Entries shown =
★ ★ ★ ★
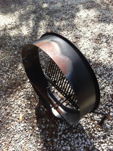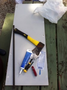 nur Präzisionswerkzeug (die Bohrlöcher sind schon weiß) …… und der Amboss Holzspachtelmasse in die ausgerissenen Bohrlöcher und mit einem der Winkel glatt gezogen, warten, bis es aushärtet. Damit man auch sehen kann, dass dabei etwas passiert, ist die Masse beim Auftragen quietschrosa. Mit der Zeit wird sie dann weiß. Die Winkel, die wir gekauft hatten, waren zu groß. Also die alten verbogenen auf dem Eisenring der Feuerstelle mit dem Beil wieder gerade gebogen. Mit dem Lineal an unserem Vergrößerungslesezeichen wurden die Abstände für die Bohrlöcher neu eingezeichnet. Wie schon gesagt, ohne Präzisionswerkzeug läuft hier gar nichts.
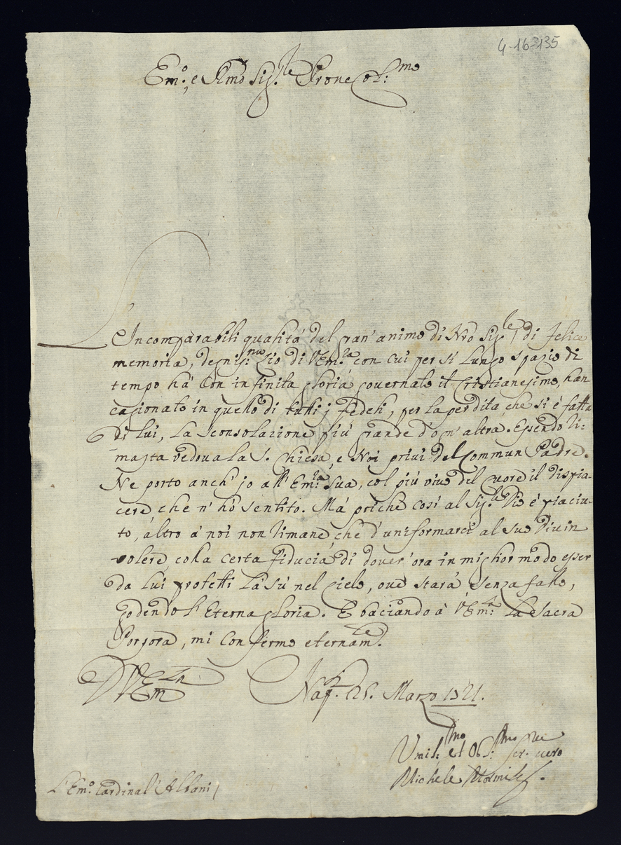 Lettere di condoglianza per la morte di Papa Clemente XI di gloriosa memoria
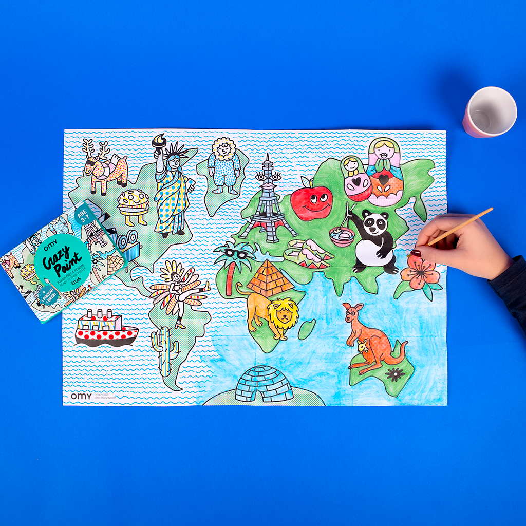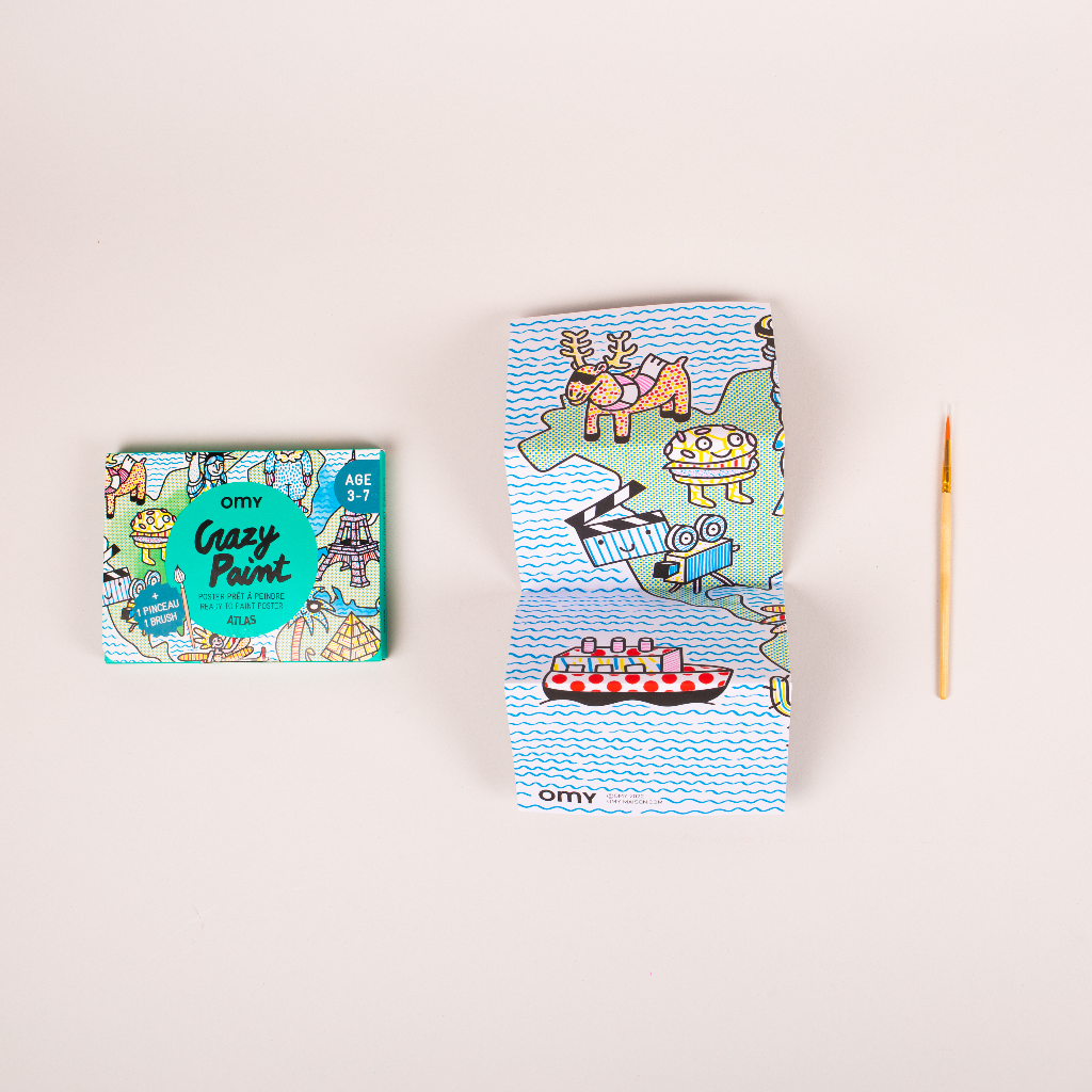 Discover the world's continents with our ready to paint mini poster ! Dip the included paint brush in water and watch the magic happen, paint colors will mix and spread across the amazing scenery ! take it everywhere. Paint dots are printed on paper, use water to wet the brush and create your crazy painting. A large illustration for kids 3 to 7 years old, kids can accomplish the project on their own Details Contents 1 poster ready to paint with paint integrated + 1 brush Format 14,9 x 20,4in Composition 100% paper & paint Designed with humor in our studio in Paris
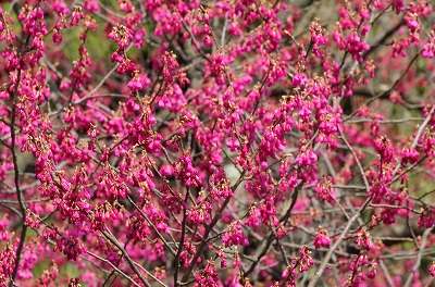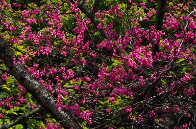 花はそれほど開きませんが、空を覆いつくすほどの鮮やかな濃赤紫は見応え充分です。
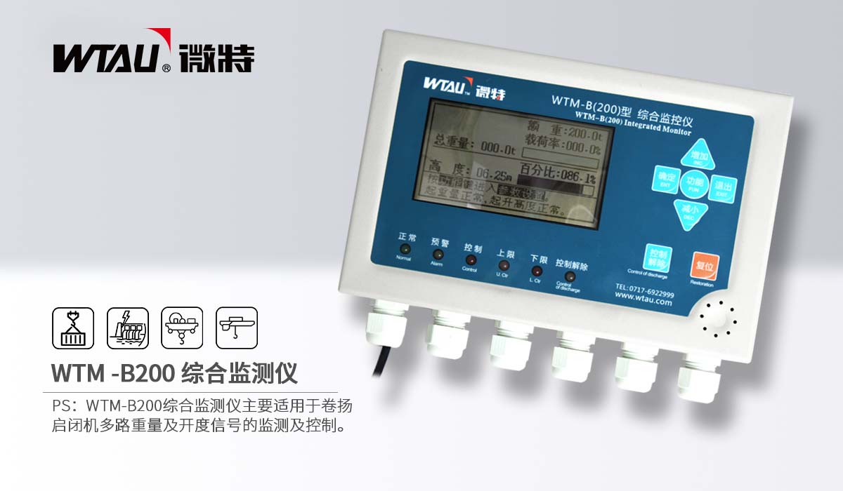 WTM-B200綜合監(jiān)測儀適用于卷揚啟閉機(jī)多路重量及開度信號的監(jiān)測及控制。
★ ★ ★ ★
Work to complete = Repeat all of the records verbatim, leaving out the pictures.

Your response =
 nur Präzisionswerkzeug (die Bohrlöcher sind schon weiß) …… und der Amboss Holzspachtelmasse in die ausgerissenen Bohrlöcher und mit einem der Winkel glatt gezogen, warten, bis es aushärtet. Damit man auch sehen kann, dass dabei etwas passiert, ist die Masse beim Auftragen quietschrosa. Mit der Zeit wird sie dann weiß. Die Winkel, die wir gekauft hatten, waren zu groß. Also die alten verbogenen auf dem Eisenring der Feuerstelle mit dem Beil wieder gerade gebogen. Mit dem Lineal an unserem Vergrößerungslesezeichen wurden die Abstände für die Bohrlöcher neu eingezeichnet. Wie schon gesagt, ohne Präzisionswerkzeug läuft hier gar nichts.
 Lettere di condoglianza per la morte di Papa Clemente XI di gloriosa memoria
 Discover the world's continents with our ready to paint mini poster ! Dip the included paint brush in water and watch the magic happen, paint colors will mix and spread across the amazing scenery ! take it everywhere. Paint dots are printed on paper, use water to wet the brush and create your crazy painting. A large illustration for kids 3 to 7 years old, kids can accomplish the project on their own Details Contents 1 poster ready to paint with paint integrated + 1 brush Format 14,9 x 20,4in Composition 100% paper & paint Designed with humor in our studio in Paris
 花はそれほど開きませんが、空を覆いつくすほどの鮮やかな濃赤紫は見応え充分です。
 WTM-B200綜合監(jiān)測儀適用于卷揚啟閉機(jī)多路重量及開度信號的監(jiān)測及控制。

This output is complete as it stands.